In 1996 Athens and Sparta signed a peace treaty to end the Peloponnesian War, 2,400 years after Athens’ surrender in 404 BC. This Greece—where the past is just as present as the present—was Constantine’s childhood home and remains his creative crucible.
Constantine is a mixed-media artist, currently based in New York City. In his art he works with stories, images, Greek Bronze Age hieroglyphs, and languages thought to be lost to time. He is among the last speakers of Arberishte, a Greek sister language of medieval Albanian. Among his subjects are the lost words and sounds of Arberishte, as well as other forgotten languages of Greece, his work breathing life into ancient cultures and systems of knowledge that have faced erasure.

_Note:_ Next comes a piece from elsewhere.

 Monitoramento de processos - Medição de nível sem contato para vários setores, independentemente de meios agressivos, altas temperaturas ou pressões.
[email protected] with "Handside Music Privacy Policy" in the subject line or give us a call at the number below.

Constantine’s art has toured the world, visiting galleries in Moscow (Gallery «СОЛЬ»), Berlin, Tokyo, and across Finland. His series of works based on the Finnish epic, the Kalevala, is part of the permanent collection at the State Museum of Urban Sculpture in St. Petersburg. His most recent individual exhibition took place at Galerie Robert Art Room in Paris, November, 2022.
Constantine—known in the literary world as Peter Constantine—has had a decorated career as a writer, translator, and activist for a diversified linguistic ecosystem in our world. He is a Guggenheim Fellow and the recipient of two National Endowment for the Arts fellowships, the PEN Translation Prize and the National Translation Award, as well as national literary prizes from Kosovo and Greece.


ARTIST’S STATEMENT

In the mountains next to Corinth, where the Greek side of my family is from, we speak – or rather spoke – Arberishte, an indigenous language of Greece that is related to Medieval Albanian. The village legends maintain that we are a pre-Greek Pelasgian people, who in the time of the Iliad gave two ships to Troy. Mycenae is an eight-hour walk down the mountain path, and Agamemnon, the dark and murderous king who threw Bronze Age Greece into turmoil, controlled the rich plains at the foot of our mountains.

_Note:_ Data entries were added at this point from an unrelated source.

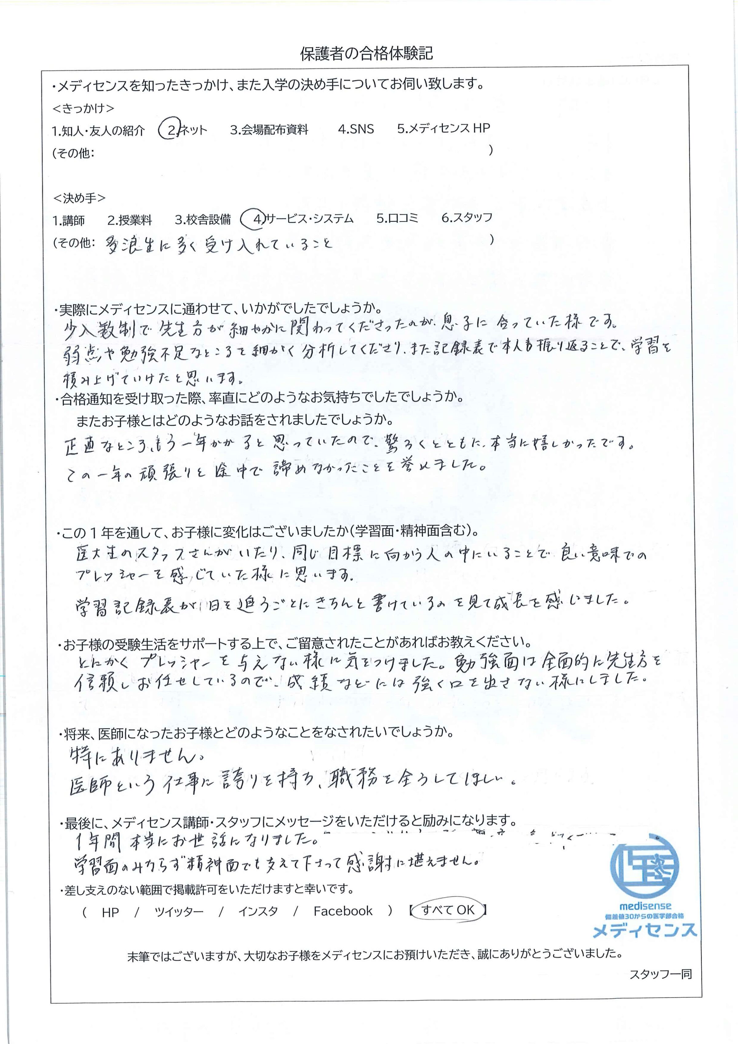 ご両親の合格体験記
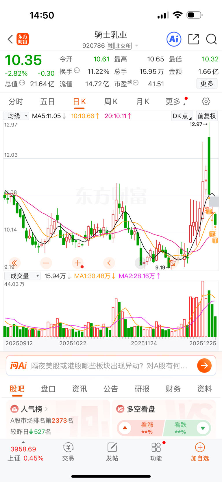 $骑士乳业(SZ920786)$ 求跌停
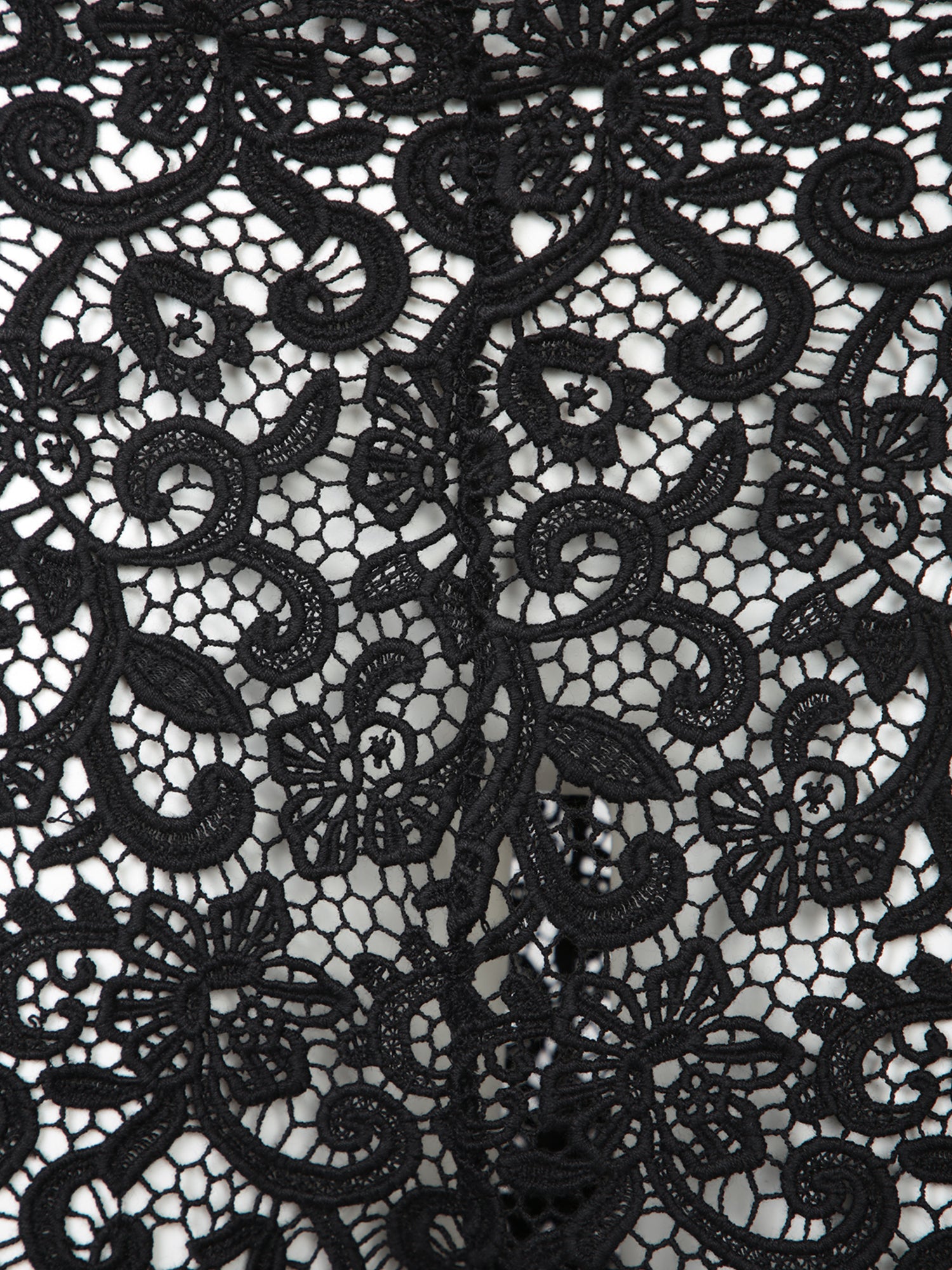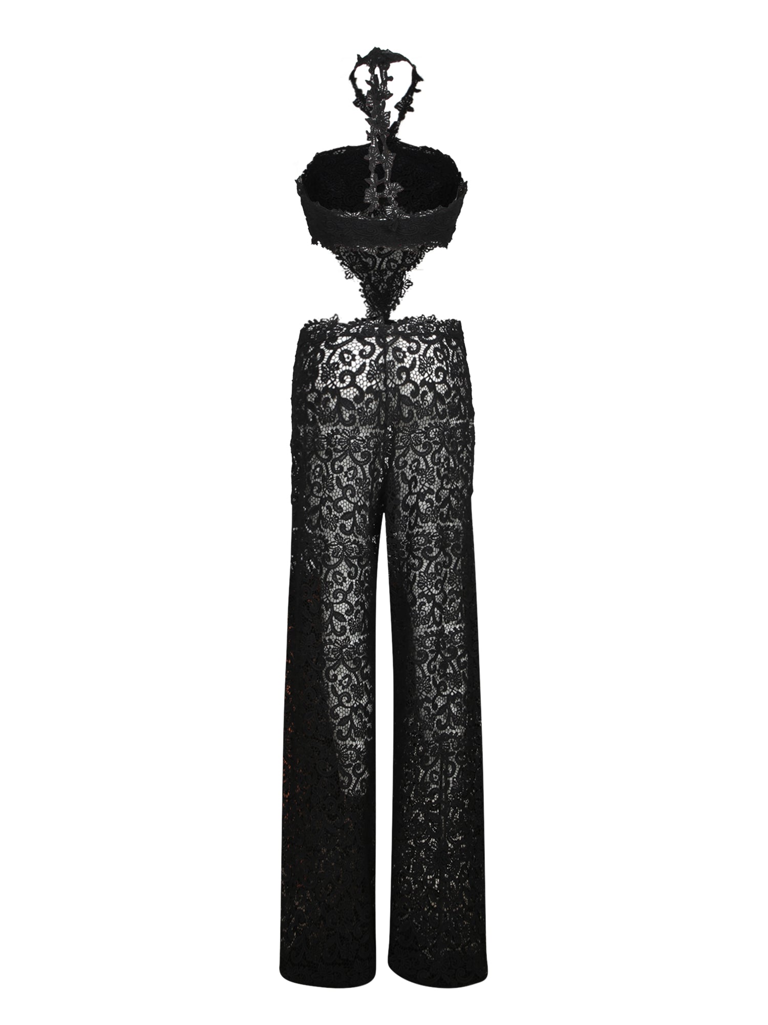 This elegant black jumpsuit from Ermanno Scervino features exquisite macramé detailing. The enchanting high-neck design and sophisticated back details conjure an aura of sophistication and mystery.

In our villages, time and history have a different value, ages mix and mingle. In our legends Christ and Alexander the Great march out on military campaigns together, Homer sits on the stone by Muhammad Pasha’s fountain singing with his pupils, and the Virgin Mary allies herself with the Turks against our people, for we have sinned. The days of the week and months of the year bear the names of Bronze Age and pre–Bronze Age Greek gods. 
I have spent my life immersed and involved in language, and it is deeply and personally painful to me to see the autochthonous non-Greek languages of Greece lost and disappearing, joining the many languages of the world that are dying every year. We are facing a mass language extinction. Gone forever will be their words and their cultures. In my works I reach back to the pre-alphabet Greek hieroglyphs, seeking what we have lost, and with image and color reach out for the forgotten words of my homeland.